È autore e curatore di centinaia di mostre, pubblicazioni e conferenze su Leonardo, oltre che su Michelangelo e Raffaello, “Pratolino. Laboratorio delle meraviglie” e i luoghi della memoria, l’arte contemporanea e il design, dagli Stati Uniti alla Cina e al Giappone.

I suoi libri (da Léonard de Vinci. Art et science de l’univers, 1996 a Leonardo infinito, 2008, e Leonardo.

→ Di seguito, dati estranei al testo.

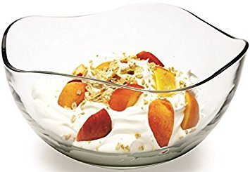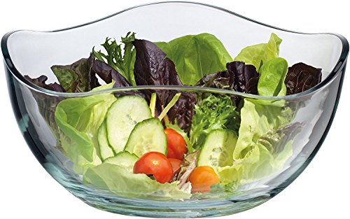 Large Clear Glass Wavy Salad Bowl, Mixing Bowl, All Purpose Round Serving Bowl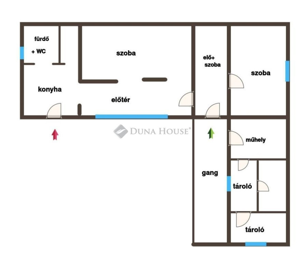 - 2 szoba, konyha, fürdő+WC, közlekedő

La pittura: un nuovo sguardo, 2018) sono stati tradotti in 18 lingue.

Ha iniziato nel 1973 le ricerche sui territori e i discendenti di Leonardo, per quello che si è configurato dal 2000 come il progetto sul DNA di Leonardo.

Agnese Sabato

Nata a Città del Messico, è laureata in Storia Moderna presso l’Università di Firenze.

Collabora all’organizzazione di mostre, conferenze, attività didattiche e iniziative istituzionali del Museo Ideale Leonardo Da Vinci (compreso l’“Archivio delle impronte digitali”), e a libri e quaderni di studio.

Ha pubblicato contributi sulla storia delle schiave a Firenze e sul mito e l’immagine di Leonardo.

Presiede la Leonardo Da Vinci Heritage, per le ricerche sulla genealogia e sui discendenti viventi dei Da Vinci e il progetto sul DNA di Leonardo.